[TASK GOAL]: Print, word for word, every line from the beginning of the listing up to and including the line with "보리수 뿌리에 휘감긴 불상의 표정이 평온해 보인다.". Pictures are to be excluded.

[DATA RECORDS]:
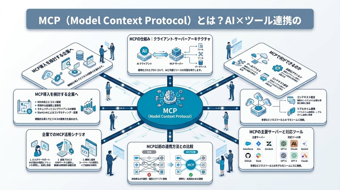 - MCPは「AIとツールを結ぶUSB-C」であり、AIエージェントの業務自動化の基盤インフラ
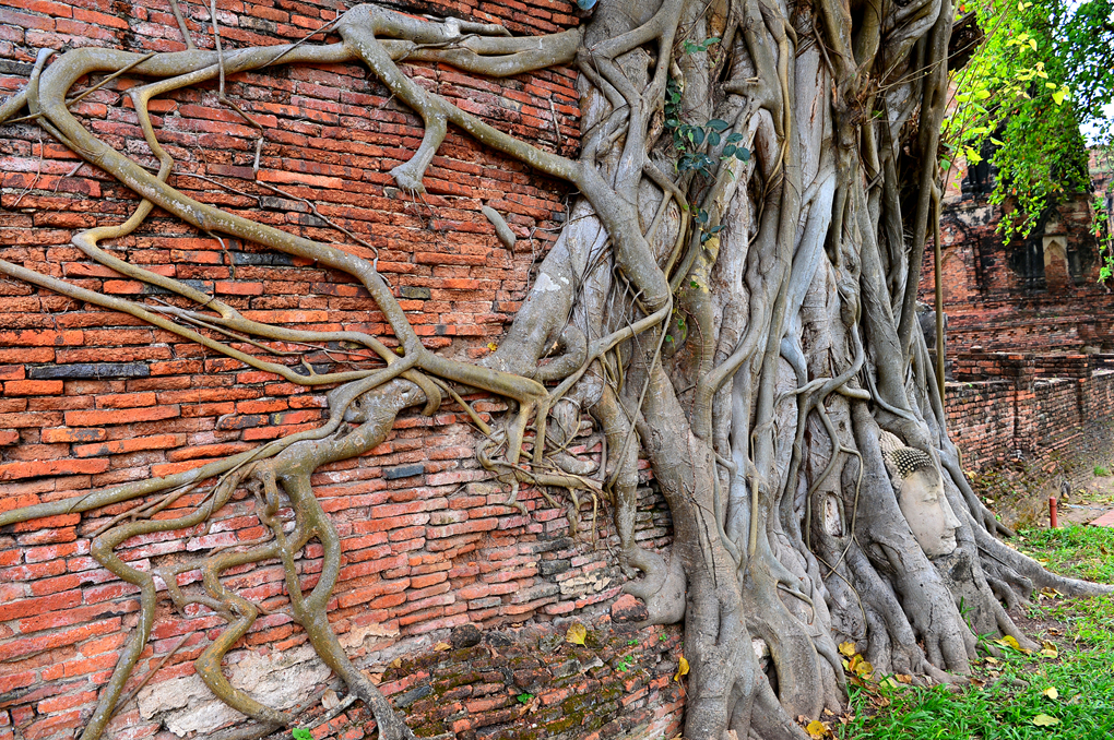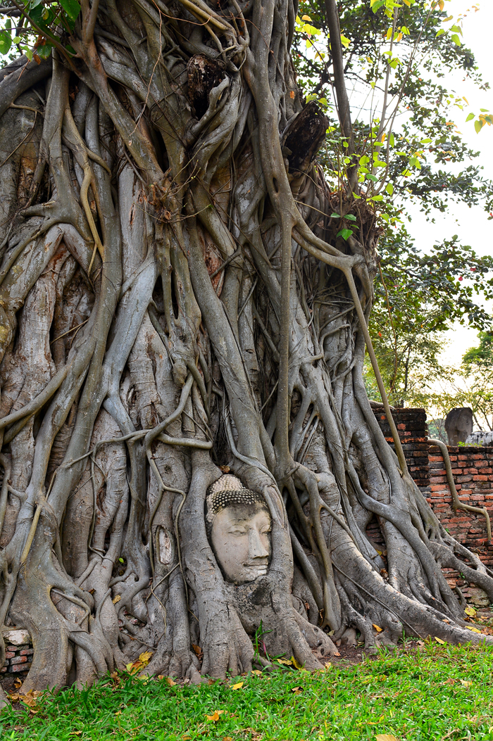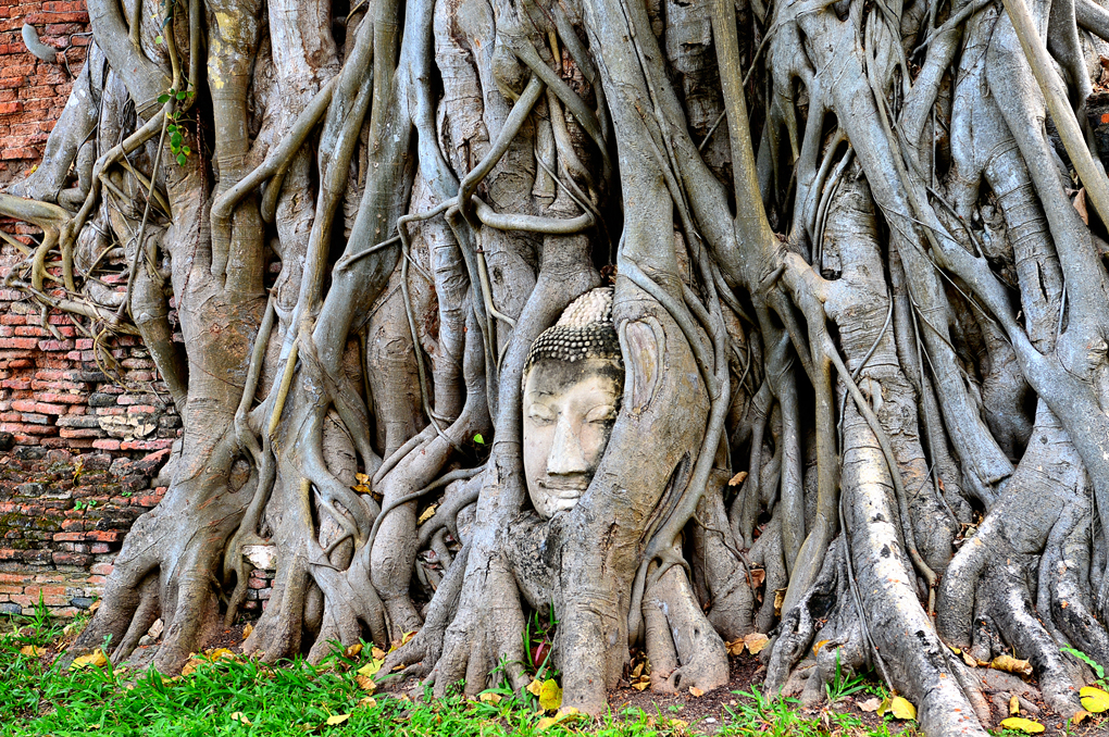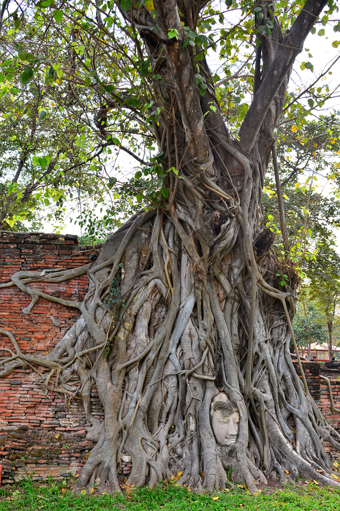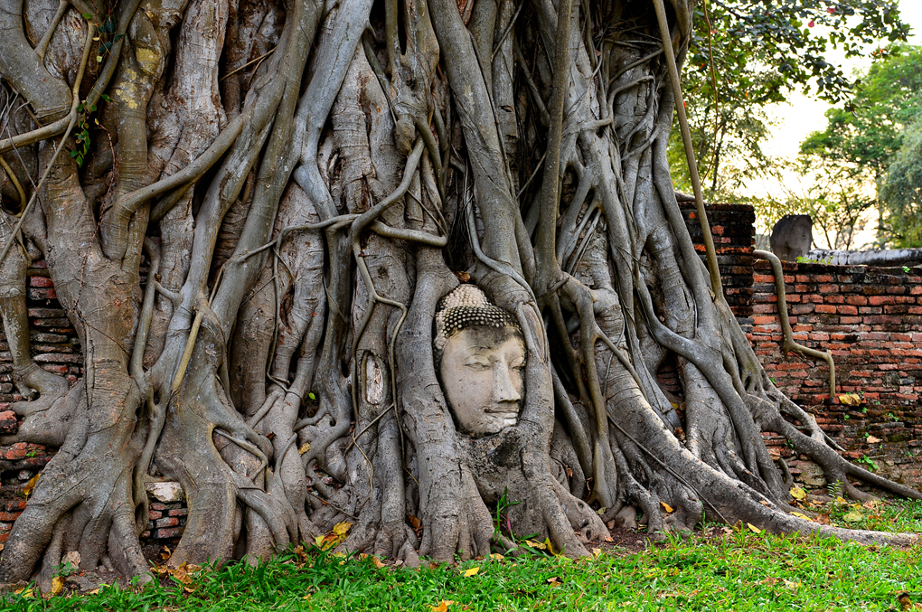 보리수 뿌리에 휘감긴 불상의 표정이 평온해 보인다.
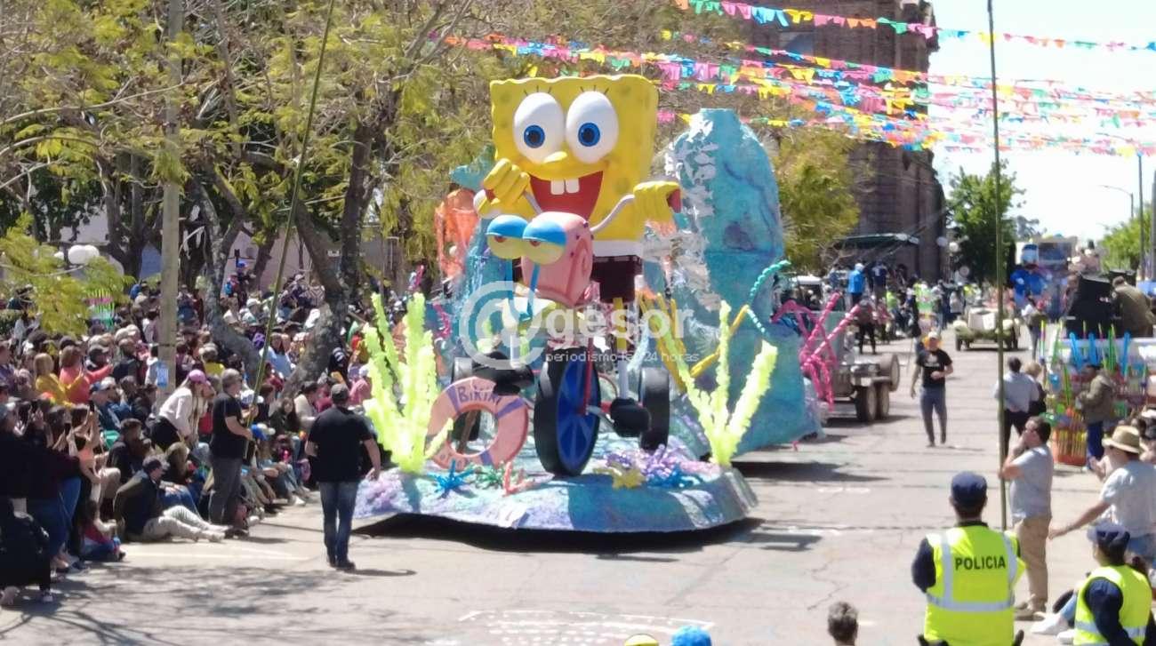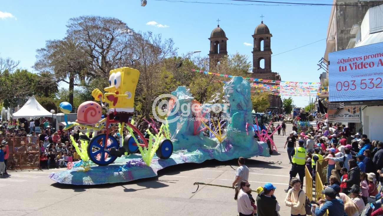 La carroza Nº 4 que hizo su pasaje frente al palco de las autoridades y del Jurado de la 60ª edición de la Fiesta Nacional de la Primavera de Dolores, fue "Samba Bob", de los Segundos Unidos Liceo N°1 del Liceo ¨Dr. Roberto Taruselli¨, cuyas Princesas aspirantes a Pimpollo son Agustina Sánchez y Zarah Velázquez.
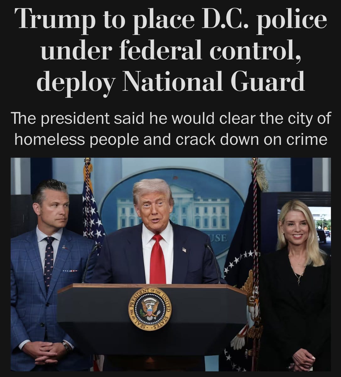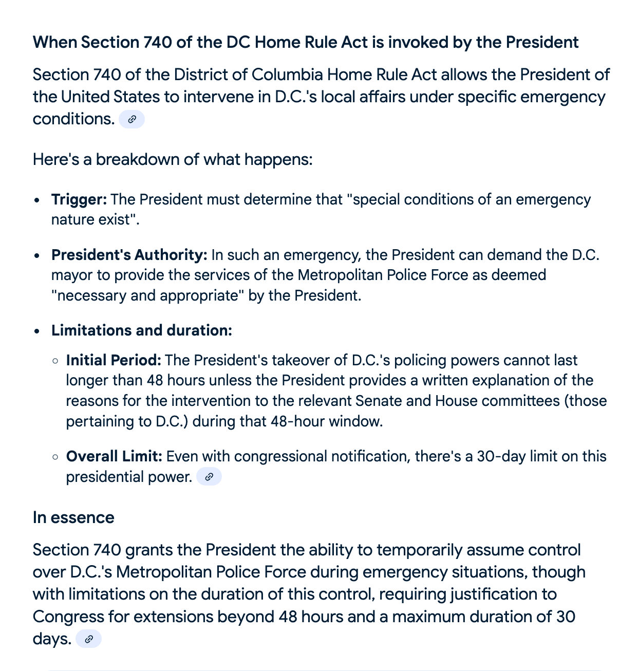 This past Monday morning, President Trump announced that the federal government will take over the DC police department, deploying the National Guard, and invoking Section 740 of the Home Rule Act.
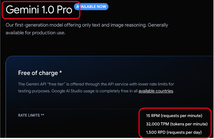 - Gemini 1.0 Pro - 분당 15회 요청, 분당 32k 토큰, 1일 1,500회 요청

[EXERCISE SOLUTION]:
 - MCPは「AIとツールを結ぶUSB-C」であり、AIエージェントの業務自動化の基盤インフラ
 보리수 뿌리에 휘감긴 불상의 표정이 평온해 보인다.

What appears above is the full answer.